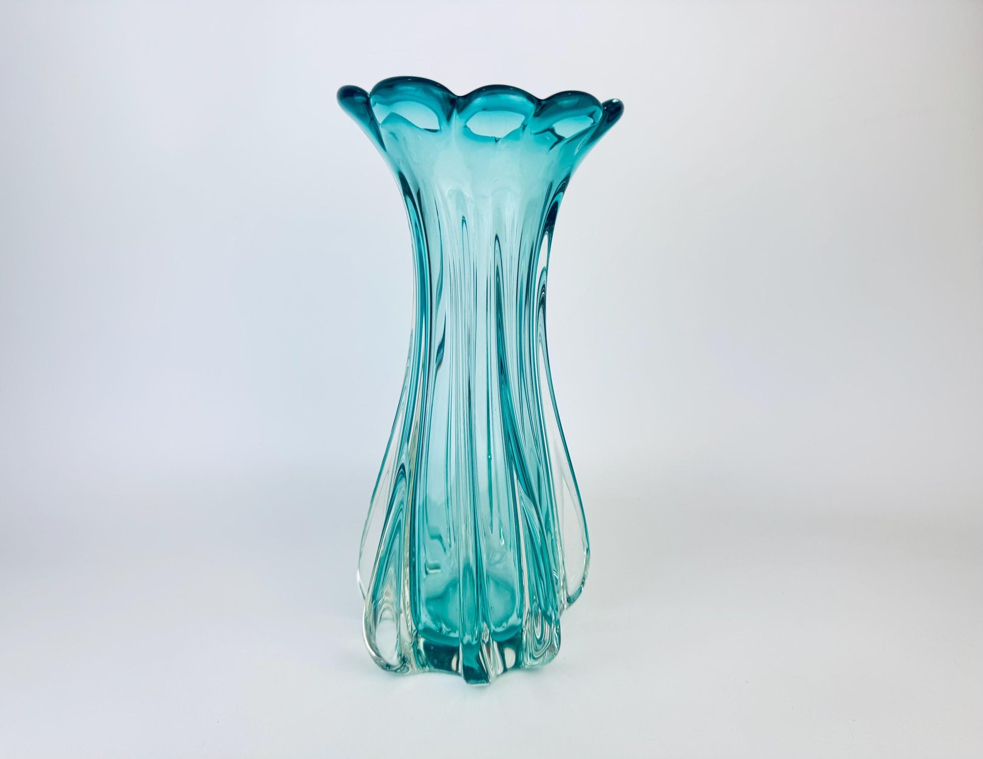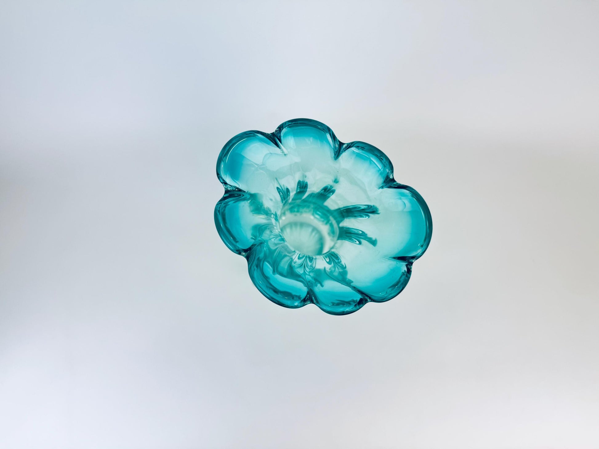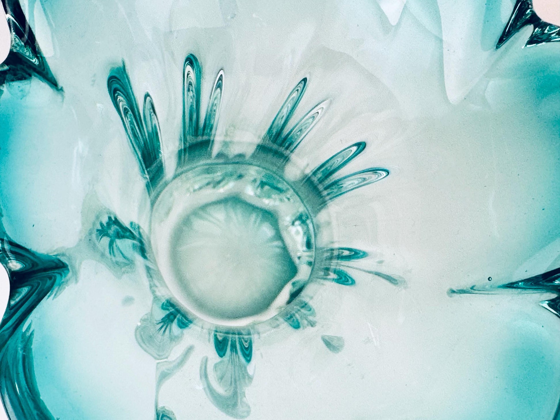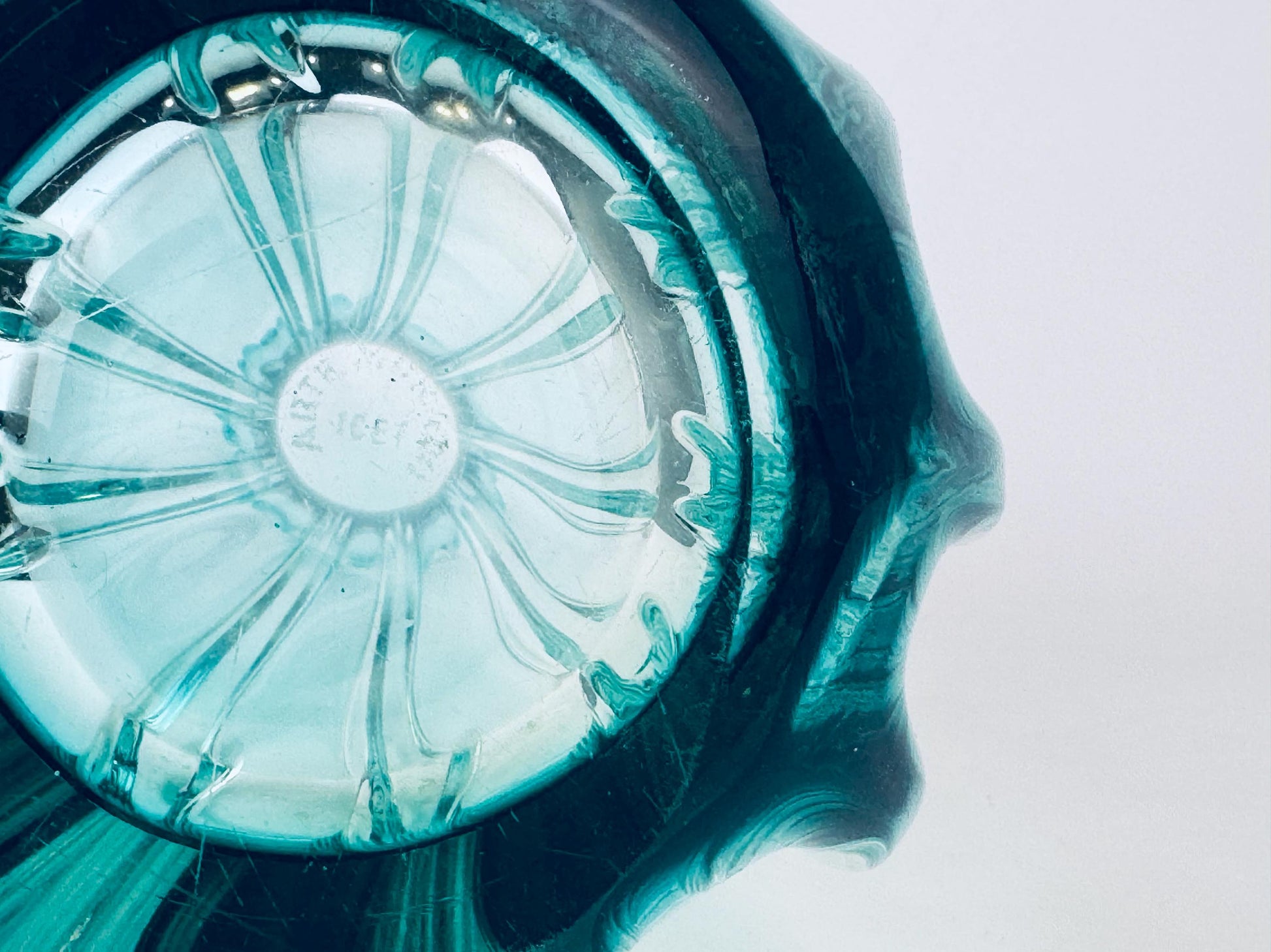 A sculptural ode to Italian artistry, this hand-blown Murano art glass vase features a rippling, organic form with a gently flared rim and rich aqua teal hue. Crafted during the 1970s–1980s, its fluid silhouette and pulled feathering make it an elegant centrepiece for consoles, mantels, or curated shelving. Acid-etched on the base with “Arte Murano ICET,” this piece reflects the refined yet expressive spirit of mid-century Murano export glass.
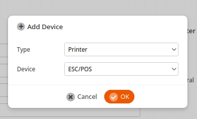 In the POS Profile, go to the Devices section and press Add. The “Type” will be “Printer” and the “Device” will be “ESC/POS”:
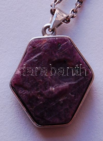 Ezüst (Ag) nyaklánc Sri Lanka-i nyers rubin (~100K) medállal 36,1 gr
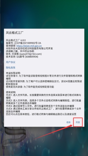 1、请先阅读并确认同意用户协议,之后即可点击进入软件主界面。
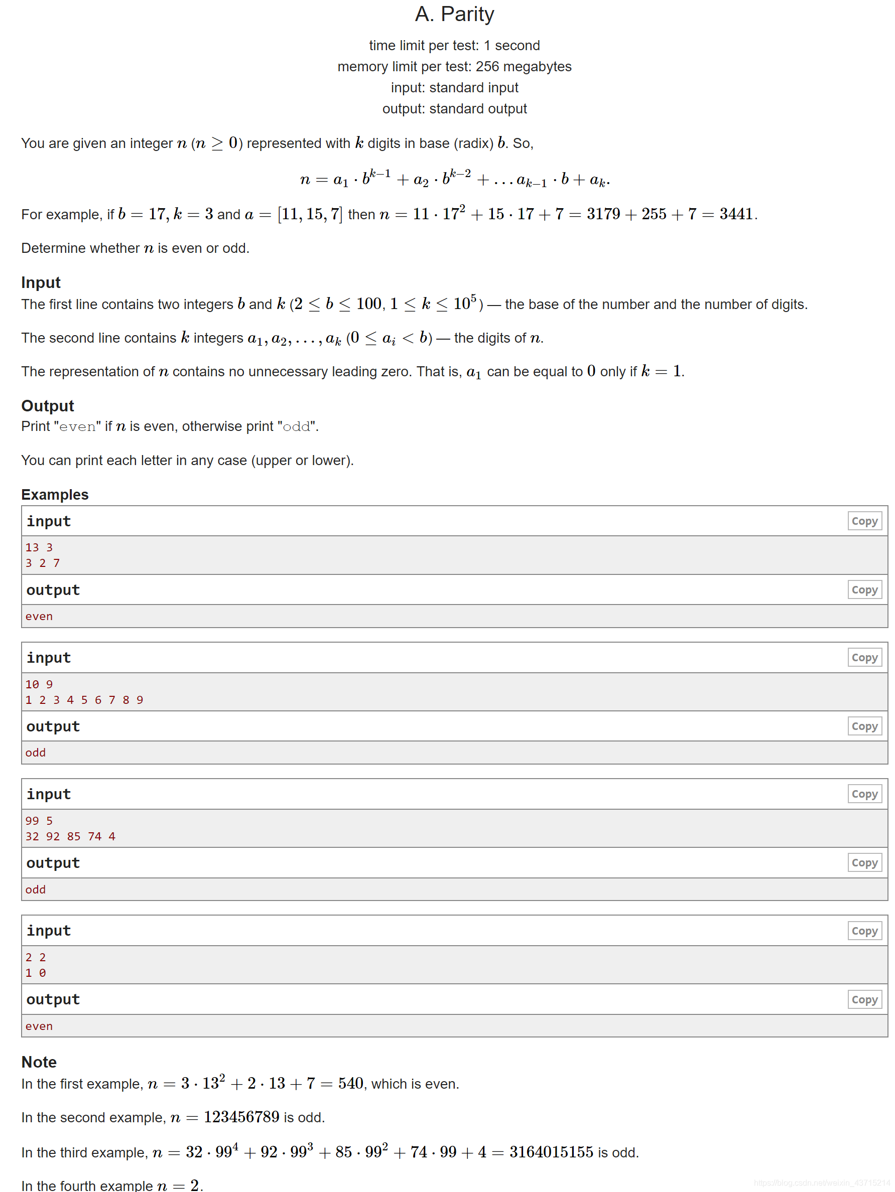本题要求b进制后的数字的奇偶性,如果是奇数输出odd,偶数输出even
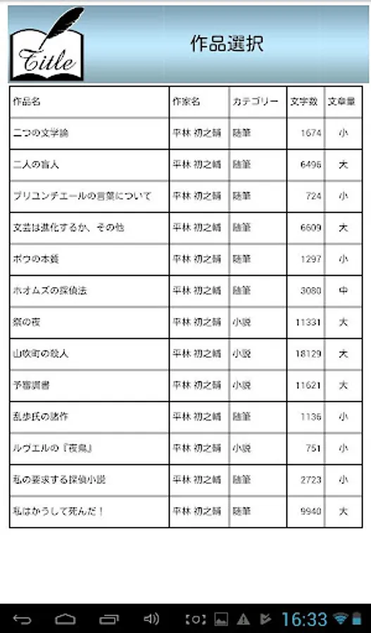 vol 件数 選択 作家名 タイトル カテゴリー 文字数 文字量
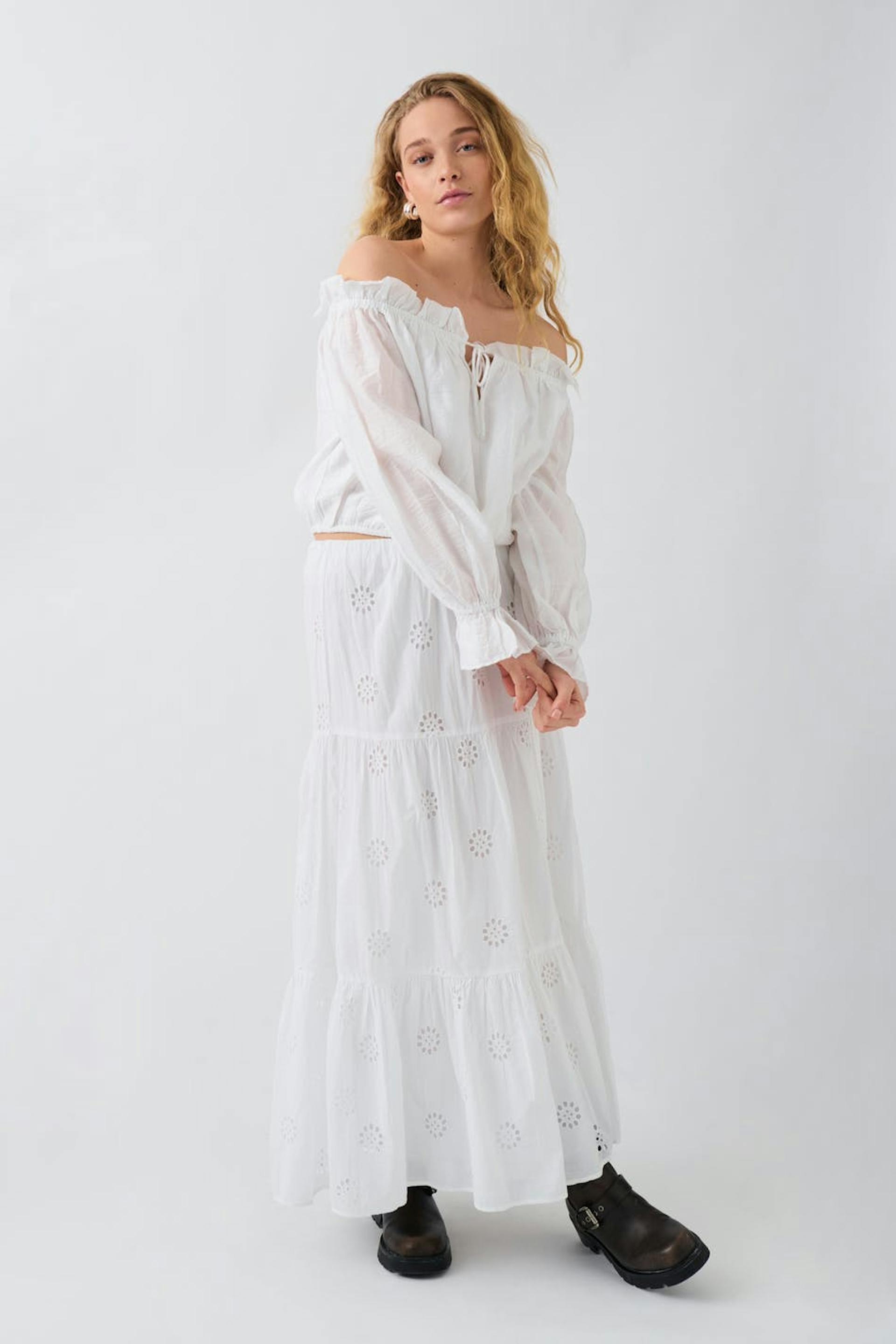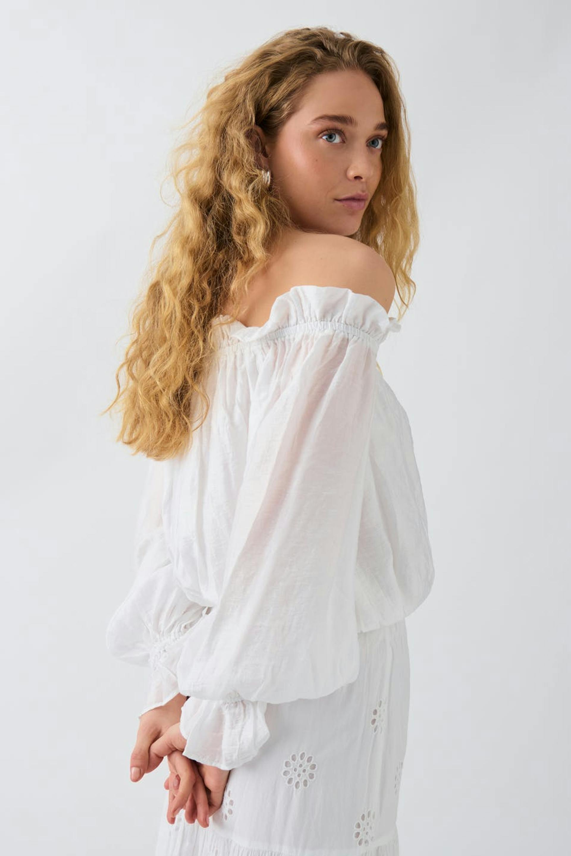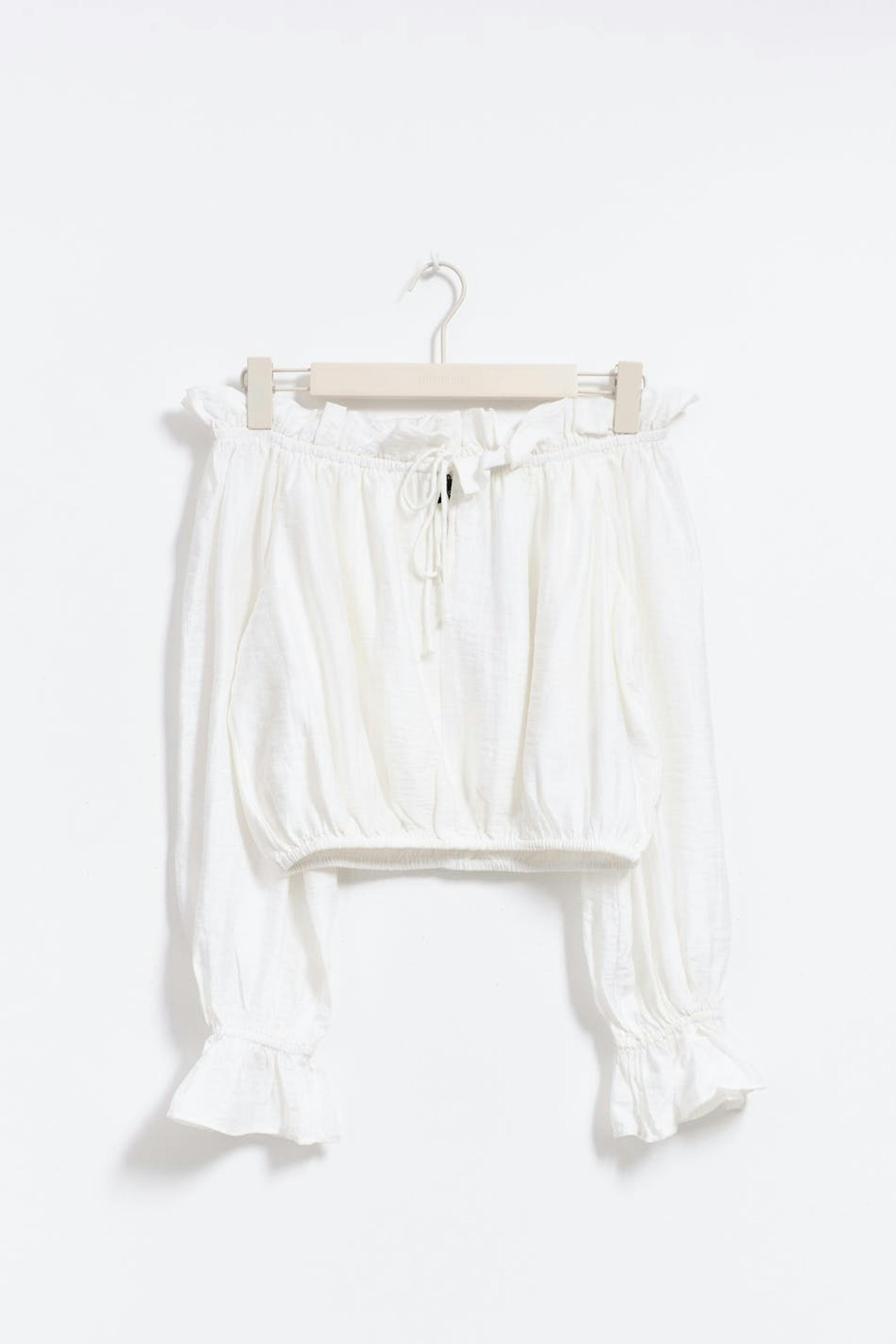 Off-the-shoulder blouse with long sleeve. The blouse is white and has elastic at the bottom. It has self-tie at the front and frill at sleeve ends and on the neckline.

- - - - - - -

Give again, word for word, the line containing "vol 件数 選択 作家名 タイトル カテゴリー 文字数 文字量" and every line after it to the end of the records; leave out the pictures.

> **Output of the task**
 vol 件数 選択 作家名 タイトル カテゴリー 文字数 文字量
 Off-the-shoulder blouse with long sleeve. The blouse is white and has elastic at the bottom. It has self-tie at the front and frill at sleeve ends and on the neckline.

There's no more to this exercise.